A retry could double‑charge a customer.
A thundering herd of retries can cascade the failure.

Therefore we need patterns that handle partial failures without losing money or trust.

Pattern 1: Retry with Jitter

The AWS Builders’ Library article on Timeouts, retries, and backoff with jitter changed how I think about retry logic. Without jitter, all clients retry at the exact same intervals, creating synchronized waves that hammer a recovering service.

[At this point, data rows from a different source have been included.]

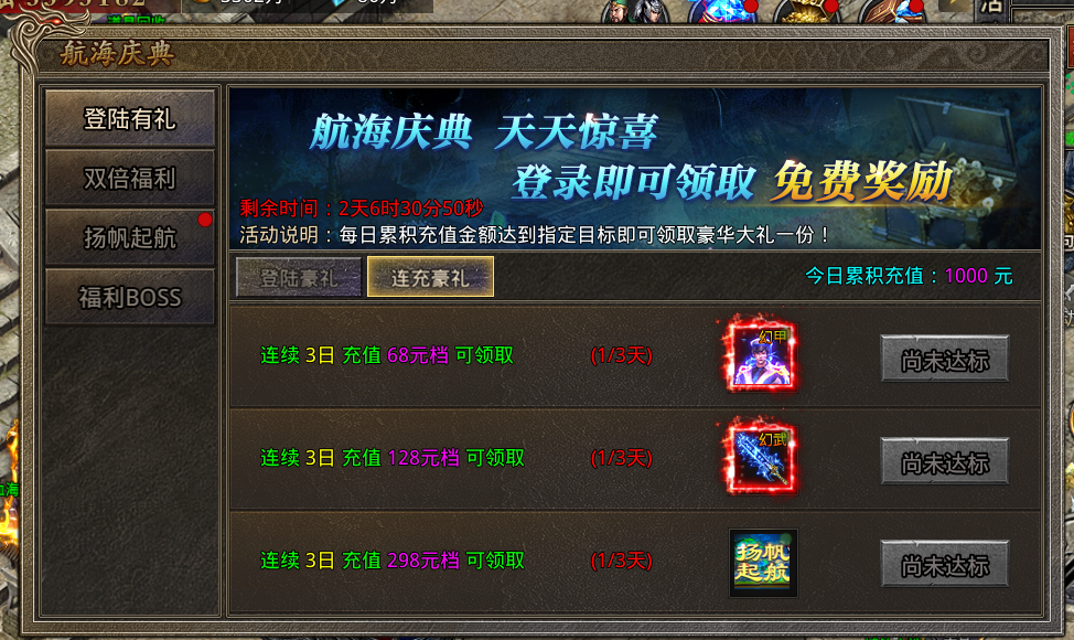 1.每日登录奖励 2.每日充值任意金额奖励 3.每日充值满68元奖励 4.每日充值满128元奖励 5.每日充值满298元奖励
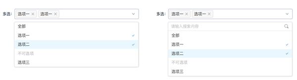 舉例來(lái)說:下面兩個(gè)選擇器(qì),兩個(gè)表面上(shàng)目的看起來(lái)都是進行(xíng)選擇項選擇,但(dàn)右邊的選擇器(qì)帶有(yǒu)搜索框,适合選擇項數(shù)據龐大(dà)時(shí)的進行(xíng)搜索選擇,左邊的适合選擇項數(shù)據量不大(dà)時(shí)進行(xíng)直接選擇,所使用的場(chǎng)景并不相同,所以不能進行(xíng)删減。
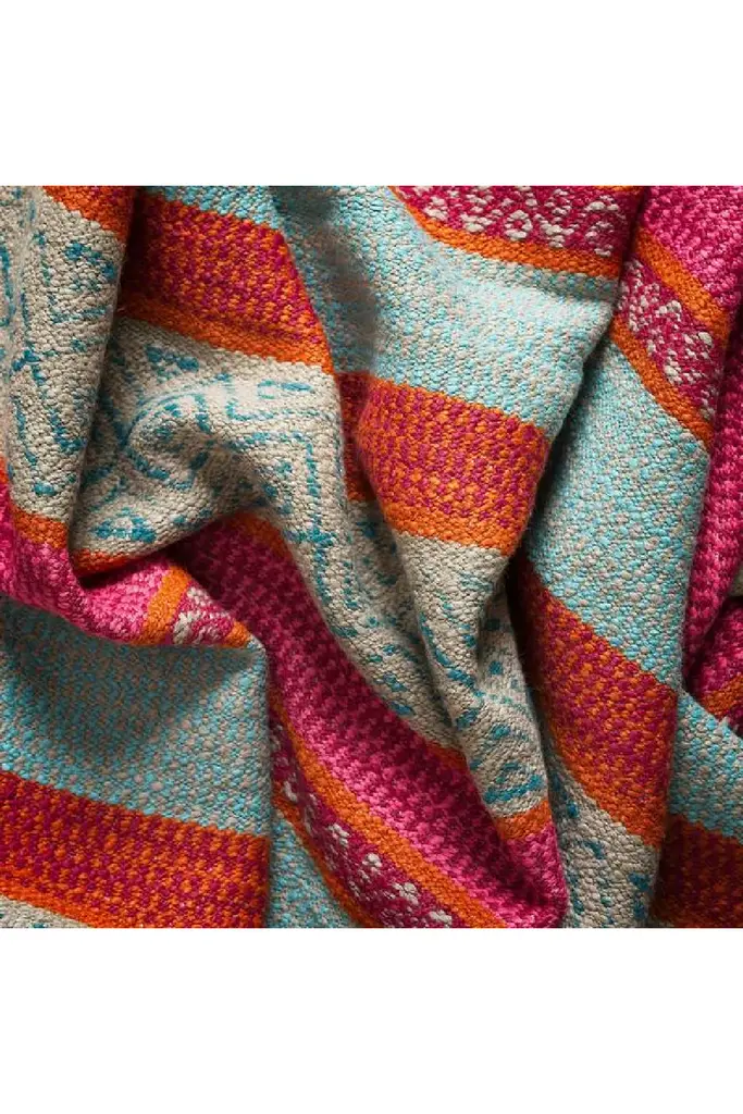 Pampas brings instant texture to any bed, sofa or chair thanks to its chunky stripes and geometric motifs. This design has been paired with our wonderfully tactile Cocktail trim to accentuate the fabric's rugged texture.
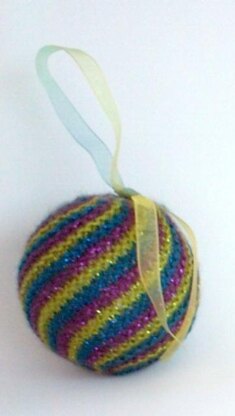 Fingering weight yarns produce a nice ornament for your Christmas decorations. Substitute heavier yarns and larger needles to make toy balls or household decorations.
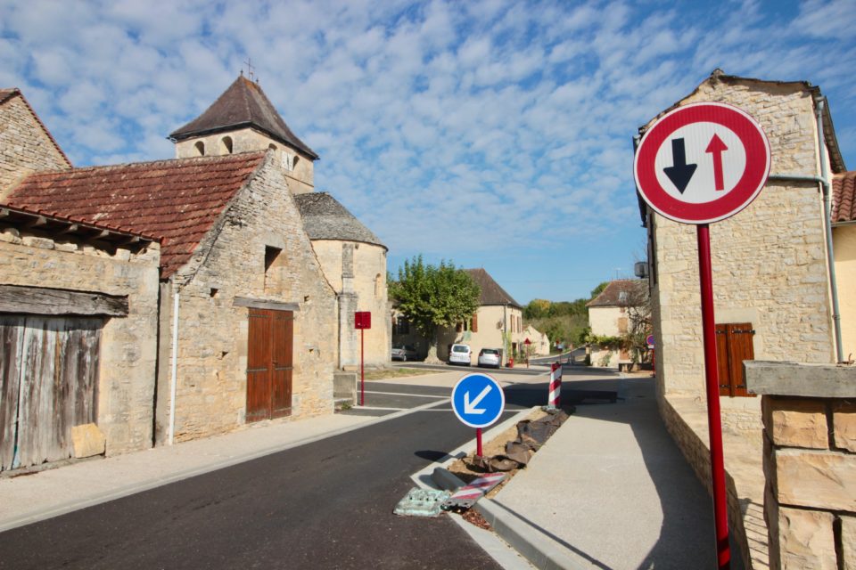 Légende et crédit photo : Dans la traversée du village de Gindou tout indique la volonté de protéger les piétons. (©Luc Gétreau)

// Full jitter formula from AWS Builders' Library
const calculateDelay = (attempt: number): number => {
  const exponentialDelay = Math.min(
    MAX_DELAY,
    INITIAL_DELAY * Math.pow(2, attempt)
  );
  // Full jitter: random value between 0 and exponential delay
  return Math.random() * exponentialDelay;
};

Result: In load tests the success rate jumped from ~70 % to >99 % because the jitter spreads retry load evenly across time instead of creating spikes.

Where It Helps

Lambda retrying DynamoDB during throttling
ECS tasks calling external APIs through a NAT gateway
Step Functions with retry policies on service integrations

Pattern 2: Bounded Queue + Worker Pool

A bounded queue alone does not limit concurrent processing. In a test I set a queue capacity of 100, sent 200 requests, and expected ~100 rejections—yet got zero because Node.js processed requests faster than they accumulated.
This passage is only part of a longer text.